The problem → Omit the images, then repeat the listing exactly.

Stored data →
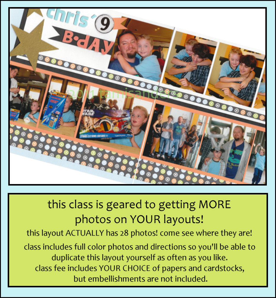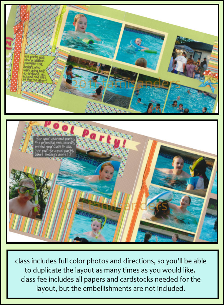 the fee for either of these classes is $15.00 and includes all the papers and cardstocks needed to make the layouts. {embellishments are not included}
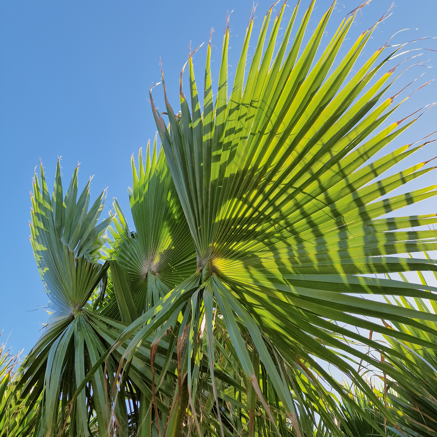 - Feuillage : grandes palmes vert clair en éventail
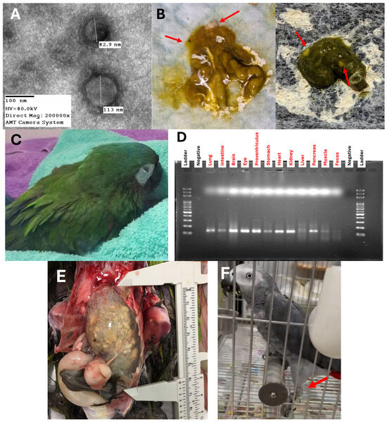 (A) Transmission electron microscopy image of the PaBV at 200,000× magnification, with a diameter of 82.9 nm and 113 nm. (B) Feces droppings with shedding of undigested seeds (red arrow). (C) Red-shouldered macaw (Diopsittaca nobilis) suffering from proventriculus dilation and showing neurological signs; discomfort can be seen in the twitching of the eyes. (D) Gel band image of the RT-qPCR product, 125 bp, for PaBV detection in lung, intestine, brain, eye, proventriculus, stomach, heart, kidney, liver, pancreas, muscle, and feces samples from case number 2301024. (E) Dilated proventriculus with a thin wall containing undigested seeds, about 6 cm in length, of a red-shouldered macaw (Diopsittaca nobilis) enduring proventriculus dilatation disease. (F) Photo of an African grey parrot (Psittacus erithacus) unable to balance right before it fell due to loss of control of the left leg (red arrow).
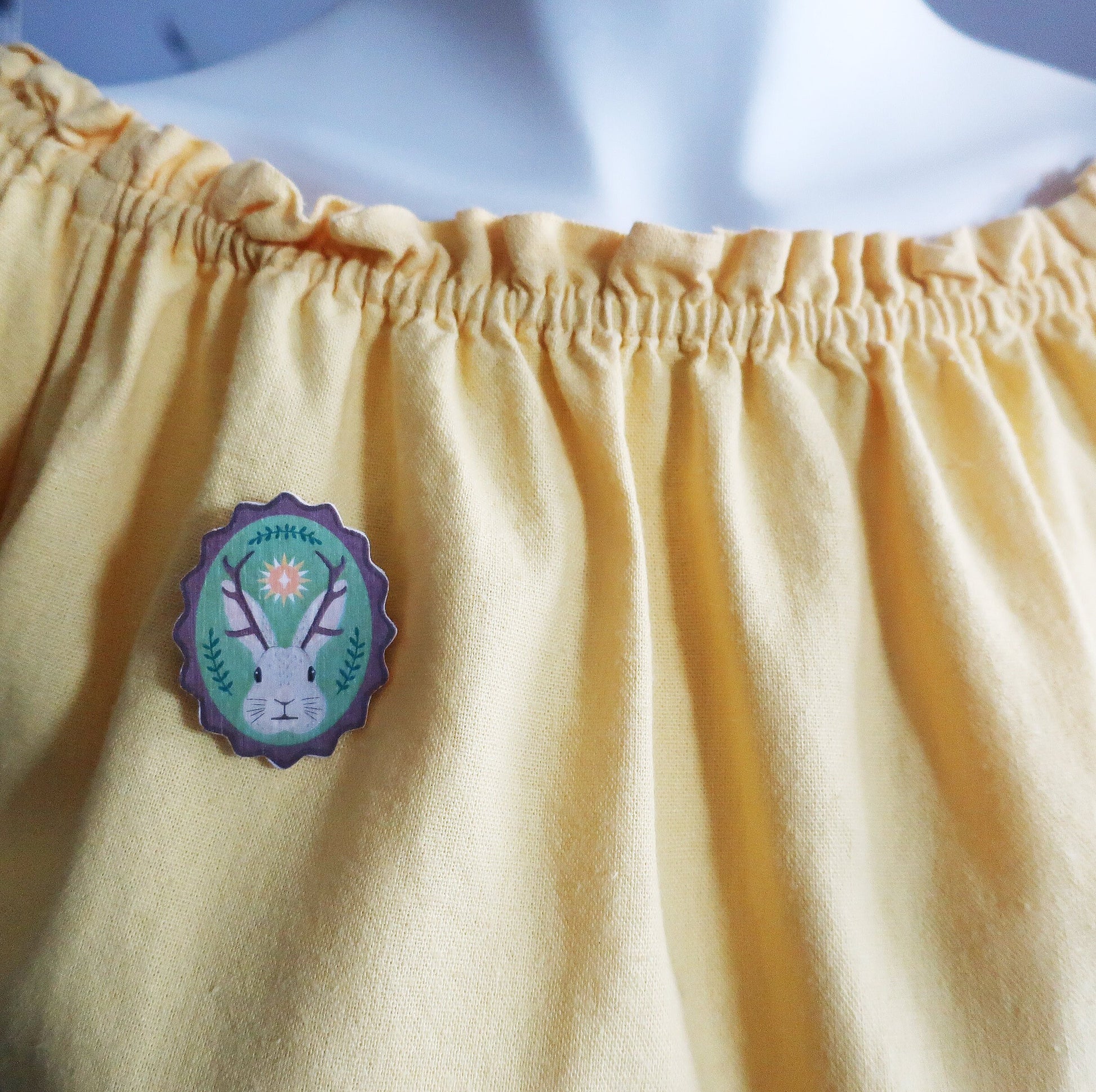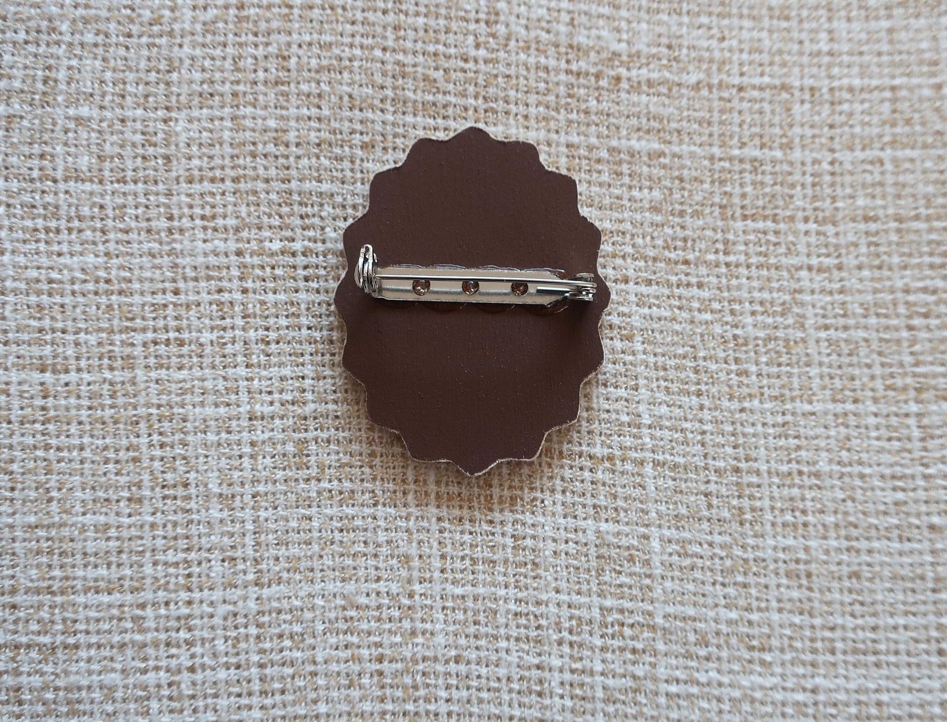 Der Metallpin auf der Rückseite is silber,-bronze,-oder goldfarben. (Davon abhängig, was ich auf Lager habe.)

Solution to the exercise →
 the fee for either of these classes is $15.00 and includes all the papers and cardstocks needed to make the layouts. {embellishments are not included}
 - Feuillage : grandes palmes vert clair en éventail
 (A) Transmission electron microscopy image of the PaBV at 200,000× magnification, with a diameter of 82.9 nm and 113 nm. (B) Feces droppings with shedding of undigested seeds (red arrow). (C) Red-shouldered macaw (Diopsittaca nobilis) suffering from proventriculus dilation and showing neurological signs; discomfort can be seen in the twitching of the eyes. (D) Gel band image of the RT-qPCR product, 125 bp, for PaBV detection in lung, intestine, brain, eye, proventriculus, stomach, heart, kidney, liver, pancreas, muscle, and feces samples from case number 2301024. (E) Dilated proventriculus with a thin wall containing undigested seeds, about 6 cm in length, of a red-shouldered macaw (Diopsittaca nobilis) enduring proventriculus dilatation disease. (F) Photo of an African grey parrot (Psittacus erithacus) unable to balance right before it fell due to loss of control of the left leg (red arrow).
 Der Metallpin auf der Rückseite is silber,-bronze,-oder goldfarben. (Davon abhängig, was ich auf Lager habe.)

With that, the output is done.